在 watsonx.ai Runtime 中生成 API 密钥。

将 watsonx.ai 运行时服务与您在 watsonx.ai 中创建的项目关联。

安装 DSPy 库并设置您的凭据

要使用 DSPy，只需执行简单的 pip 安装。您还应安装 dotenv 来管理您的环境变量：

!pip install dspy-ai python-dotenvironment;

接下来，您将导入本教程其余部分所需的库：

import dspy
from dspy import LM
from dspy.datasets import HotPotQA
from dspy.teleprompt import BootstrapFewShot
import json
import os

from dotenv import load_dotenv
load_dotenv(os.getcwd()+’/.env’, override=True)

要设置凭据，您需要在步骤 1 中生成的 WATSONX_APIKEY 和 PROJECT_ID。可以将它们存储在目录中的 .env文件中，或者直接替换占位符文本。同时，还需要设置作为 API 端点的 URL。

os.environ[‘WX_URL’] = “https://us-south.ml.cloud.ibm.com”
os.environ[‘WX_APIKEY’] = os.getenv(“WATSONX_APIKEY”, “”)

WATSONX_APIKEY= os.getenv(“WATSONX_APIKEY”, “”)
PROJECT_ID = os.getenv(“PROJECT_ID”,””)

将 watsonx 与 DSPy 结合使用

现在，您将使用 DSPy LM 类配置 DSPy，以便与 watsonx 模型协同工作。该类允许您调用 watsonx API，不仅可以生成新的提示，还可以生成对这些提示的响应以供测试。在底层，DSPy 使用另一个名为 LiteLLM 的库来访问 watsonx 服务。LiteLLM 提供了一个简单的封装，可以使用 OpenAI 格式调用非常广泛的 LLM API，包括 Hugging Face、Azure 和 watsonx。

在访问 watsonx 帐户之前，您需要使用在第一步中生成的 API 密钥存储来自 watsonx 服务的令牌。调用操作系统库访问“https://iam.cloud.ibm.com/identity/token”，并检索您的令牌并将其存储以供日后使用。

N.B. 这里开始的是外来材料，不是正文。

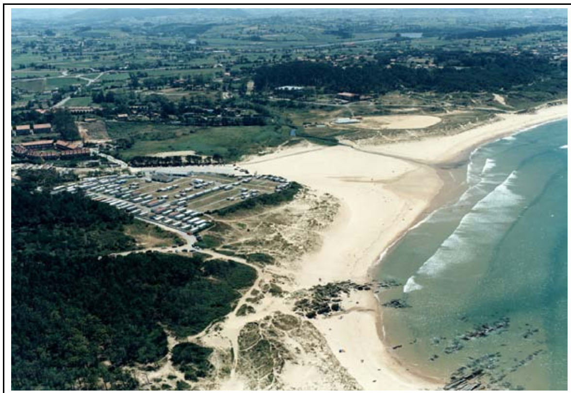
LOCALIZACION DE LA ACTUACION

Se realiza la plantacion de 20,000 plantas de Ammophila arenaria para regenerar la zona donde se ubicaba el antiguo tramo de pasarela y la zona afectada por el transito del personal de obra y acopio de madera, segun los condicionantes dados por la Direccion General de Montes y Conservación de la Naturaleza del Gobierno de Cantabria de fecha 11/02/2013
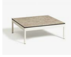
BERGEN TAVOLINO / COFFEE TABLE cod 547/BCO-EMP P75 P75 P28
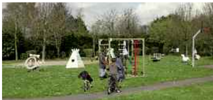
Une aire de jeux permet aux enfants de Sains de se défouler après l'école.

Ce frein à l'urbanisation permet en revanche à la commune de se pencher sur d'autres projets.
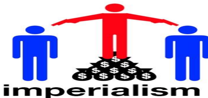
Figura 9, imperialismo ( http://tardecilla.blogspot.mx/2010/09/sistemas-politicos-en-una-imagen.html ), consultado el 24 de abril de 2014.

En una región donde existen diferencias tanto económicas como sociales y políticas es muy difícil o más bien imposible poder llegar a un común acuerdo en el que todos sean beneficiados, la solución sería la honestidad y buscar el interés continental y no el individual, en donde todas las naciones ofrezcan su mayor esfuerzo en temas de desarrollo social, financieros y educativos para poder crear un bloque económico competitivo a nivel global en el cual exista la autosuficiencia y no depender tanto de las próximas potencias de oriente.

token = os.popen(‘curl -k -X POST \
    --header “Content-Type: application/x-www-form-urlencoded” \
    --header “Accept: application/json” \
    --data-urlencode “grant_type=urn:ibm:params:oauth:grant-type:apikey” \
    --data-urlencode “apikey=’ + WATSONX_APIKEY + ‘” \
    “https://iam.cloud.ibm.com/identity/token”’).read()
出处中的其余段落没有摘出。